The security situation was the elephant in the room and the main question on the minds of every British institution present. “Security is a short-term problem,” was Gheriani’s response. “Education is long-term.”

British organizations said the difficulty in working with Libyan institutions was in trying to figure out whom they were supposed to be working with. The past few years have seen Libyan institutions and personnel shift at a swift rate. As a result even though Libyan Embassy’s cultural attaché organized the forum, it suffered from the absence of any real Libyan higher-education policymakers. “When we organized the conference, we thought we would be getting more ministers and decision-makers,” a Libyan official said on condition of anonymity. “But it’s just the nature of Libya now that everything can change quickly.”

The head of the higher-education committee in the Libyan General National Congress, Salah Meto, one of the only guests currently holding public office, quipped that he was not sure if he still held his position back in Libya.

During the Qaddafi years, Libya suffered a nose dive in standards, said a former deputy minister of higher education, Fathi Al-Akkari. “There was no process of accreditation, if you were with the government you were accredited, that was it,” said Gheriani.

The country is also now having to recuperate academically from a time when foreign-language training was extremely weak, adding to the isolation of universities. Study out of the country for undergraduates and those seeking master’s and doctoral degrees became more limited, since any such student needed a year of language training.

To try to fix that problem, the Libyan government created ten language centers in Libyan universities. The program, which was supported by the British Council, was meant to encourage studying in the United Kingdom by preparing students in English. The Libyans would like to see more of a two-way exchange: “Perhaps these centers could also teach Arabic as a second language to U.K. students in Libya,” said Meto, of the National Congress.

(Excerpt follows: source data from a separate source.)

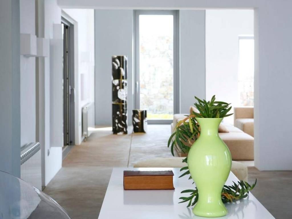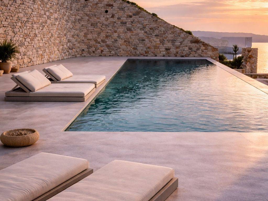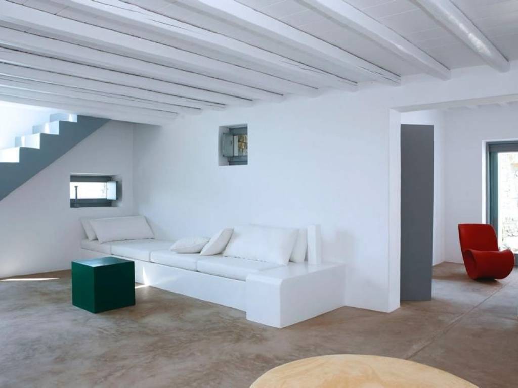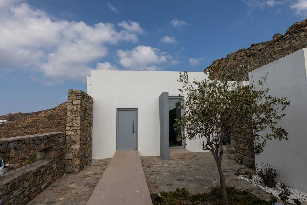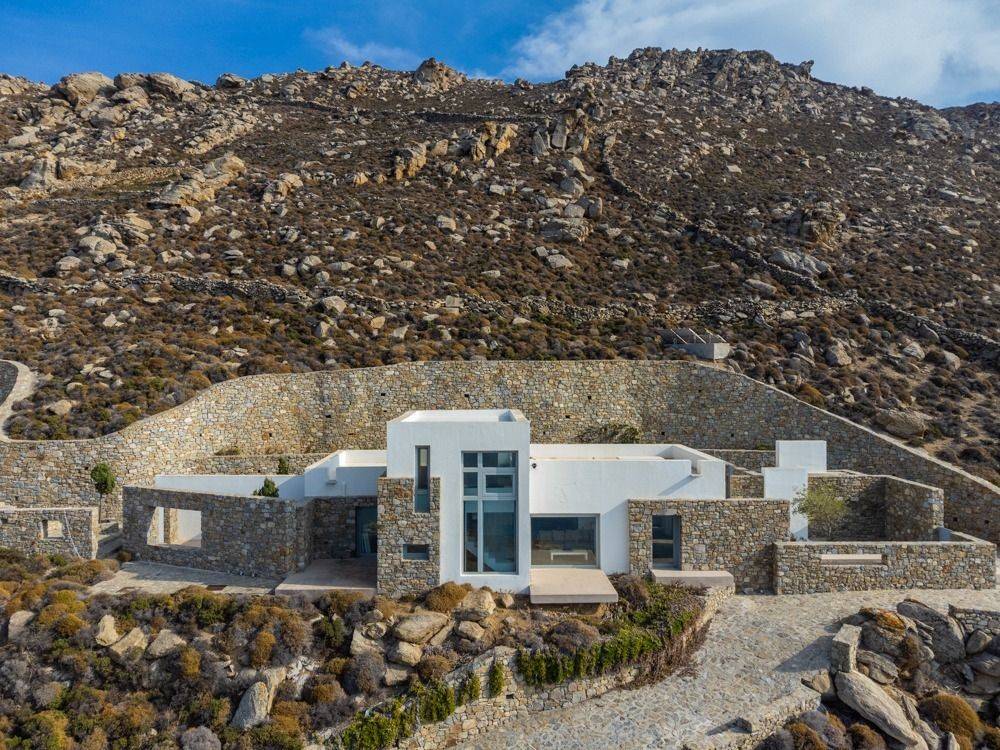 Mykonos, Ftelia – Villa 245 sq.m. on a fully landscaped plot of 7,727 sq.m. Three spacious reception areas, 3 bedrooms, 3 full bathrooms and a dressing area, fully equipped kitchen, 3×10 m swimming pool, helipad, unlimited (unobstructed) view, minimal aesthetic.
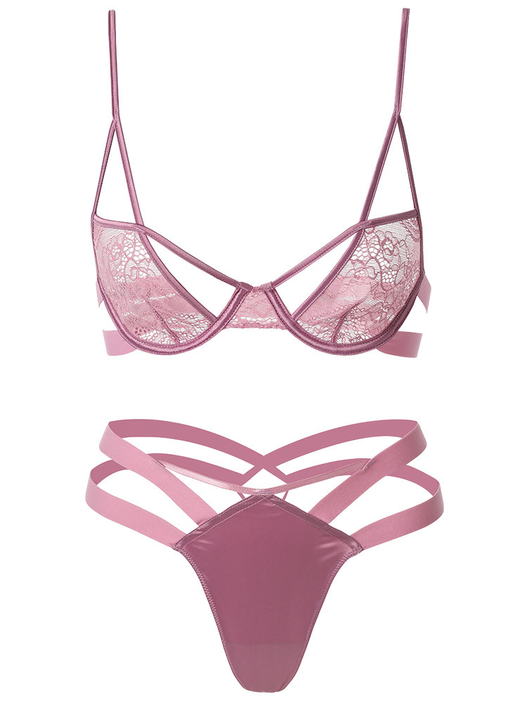 Underwear With Steel Ring Women Thin Transparent Lace Hollow Bra Set Thong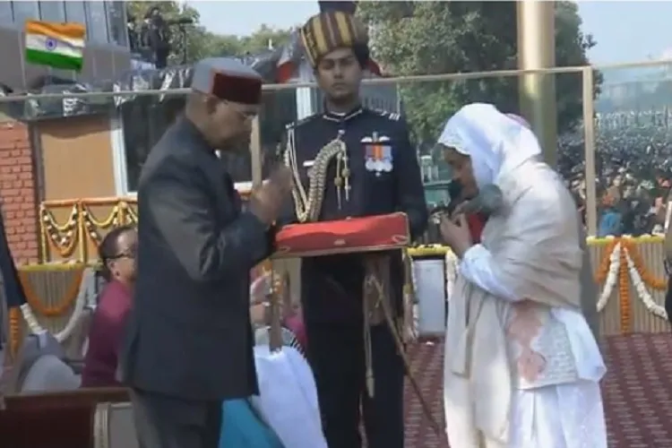 नई दिल्ली: लांस नायक नजीर अहमद वानी को मरणोपरांत मिले अशोक चक्र सम्मान को शनिवार को उनकी पत्नी ने गणतंत्र दिवस के अवसर पर ग्रहण किया। वानी ने जम्मू एवं कश्मीर में शहीद होने से पहले दो आतंकवादियों को मौत के घाट उतार दिया था।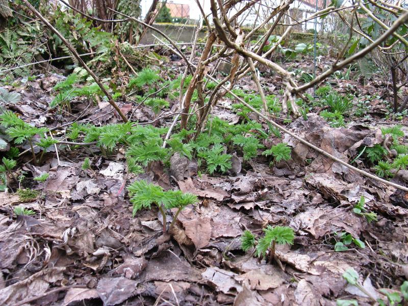 Dafür beginnen die "wilden" Sämlinge aus den D. eximia/formosa Komplex im Waldgarten durch dicke Laubauflagen zu sprießen. :D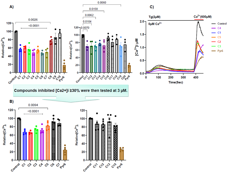 Figure 2. A) Bar diagrams represent the relative peak Ca2+ entry [Ca2+]i. Compounds initially tested at 10 μM. B) Compounds with ≥20 % inhibition were further explored for dose response assays. C) Representative Tg-evoked Ca2+ signal traces for C1-C4. Image Credit: Image courtesy of Aida Ashrafzadeh et al., in partnership with ELRIG (UK) Ltd.

Libyan-supported scholarships seem to be at the heart of Libya-U.K. cooperation. In 2013 the British Council estimates that 2,417 Libyan students were studying in the United Kingdom. Many Libyan Ph.D. students were at the conference to present their projects and they said going to a foreign country was their only sensible option. “I think Libya did produce many great minds, but unfortunately lately they have had to travel abroad to develop their academic work further,” said Ashraf Ahmed, a researcher at the University of Sheffield.

Ahmed’s field, medicine, was a focal point of the conference since it is “an area of extreme need,” according to the Libyan Embassy’s cultural attaché and the conference organizer, Abdelbassit Gadour. Libya’s medical schools have 25,000 students studying to be doctors and only 2,500 studying to be nurses, according to a former minister of health, Fatima El Hamroush. “These two figures are lopsided and should be the other way around,” she said. Considering that Libya now has 8,280 working doctors, many of the students studying medicine now will not be able to find work.

According to Mohamed Al-Gomati, an electronic optics professor at the University of York, the gap in clinical training and academic motivation is hurting Libyan science students.  Gheriani feels that Libya does not spend nearly enough on its students. The majority of the 25,000 will not be adequately qualified, he said.

The conference aimed at calling for a way to use the international expertise at hand to not only help improve the education of Libya’s top-performers but to use that for the betterment of Libya in a direct way. “The entire atmosphere in Libya is not ripe for any sort of change or conversation to alter the system—since before the revolution but now especially,” said one student. “I’d like to go back and teach in Libya, but we’ll have to wait and see,”

The conference was a breath of fresh air for her: “Just talking openly about it is great.”